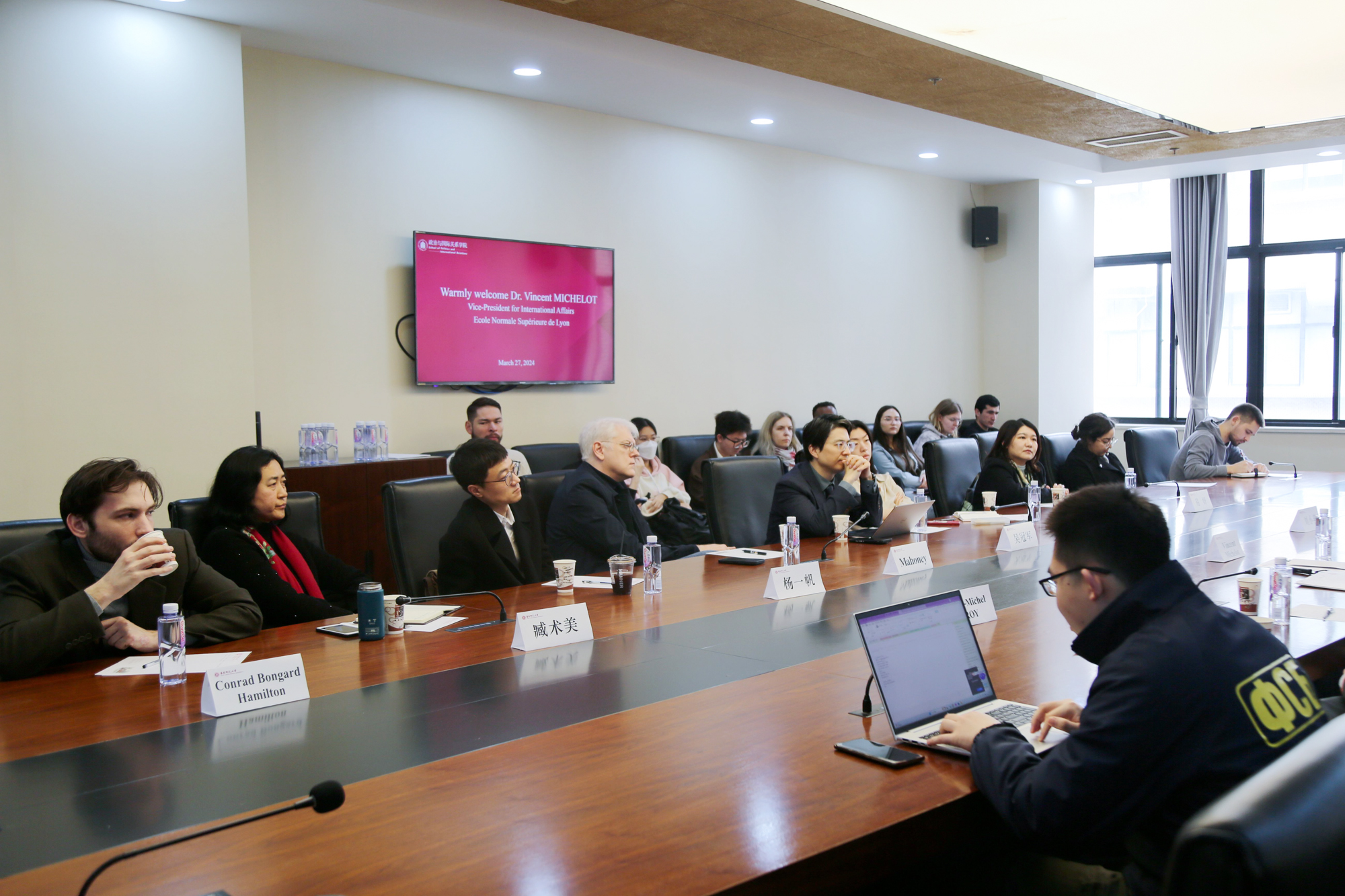 Vincent MICHELOT副校长对我校的热情接待表示感谢。他指出,华东师大与法国高师的合作历史悠久、成果显著,是中法高等教育合作的典范之一。他还介绍了当前法国高等教育改革的趋势和重点,表示双方应积极顺应时代变革,在全球化的背景下继续鼓励中法师生流动和促进学科交叉融合,以培养更多优秀的中法人才。
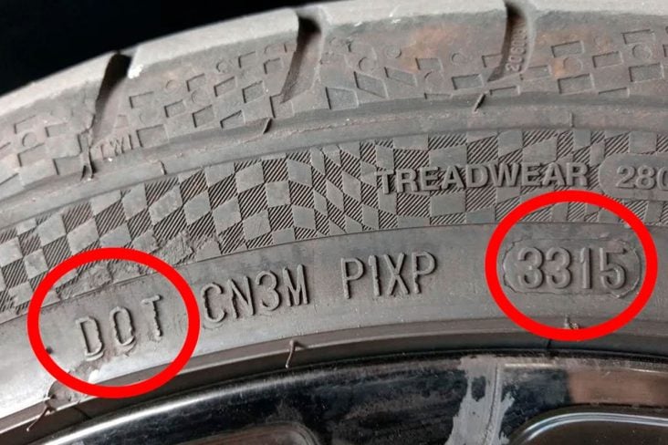 Validade de um pneu está estampado na lateral, indicando ano e a semana de produção, que não deve rodar se superar 10 anos
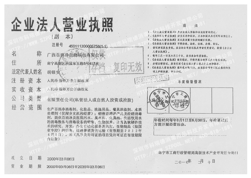百消凈企業(yè)法人營業(yè)執(zhí)照 |
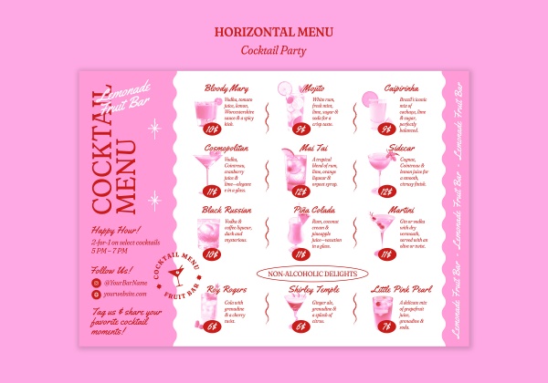 粉色风格派对饮品价目表PSD模板适用于饮品价目表设计
——————————
EXERCISE: Quote the data above in full, leaving out the pictures it holds.

SOLUTION FOR THIS EXERCISE:
 Vincent MICHELOT副校长对我校的热情接待表示感谢。他指出,华东师大与法国高师的合作历史悠久、成果显著,是中法高等教育合作的典范之一。他还介绍了当前法国高等教育改革的趋势和重点,表示双方应积极顺应时代变革,在全球化的背景下继续鼓励中法师生流动和促进学科交叉融合,以培养更多优秀的中法人才。
 Validade de um pneu está estampado na lateral, indicando ano e a semana de produção, que não deve rodar se superar 10 anos
百消凈企業(yè)法人營業(yè)執(zhí)照 |
 粉色风格派对饮品价目表PSD模板适用于饮品价目表设计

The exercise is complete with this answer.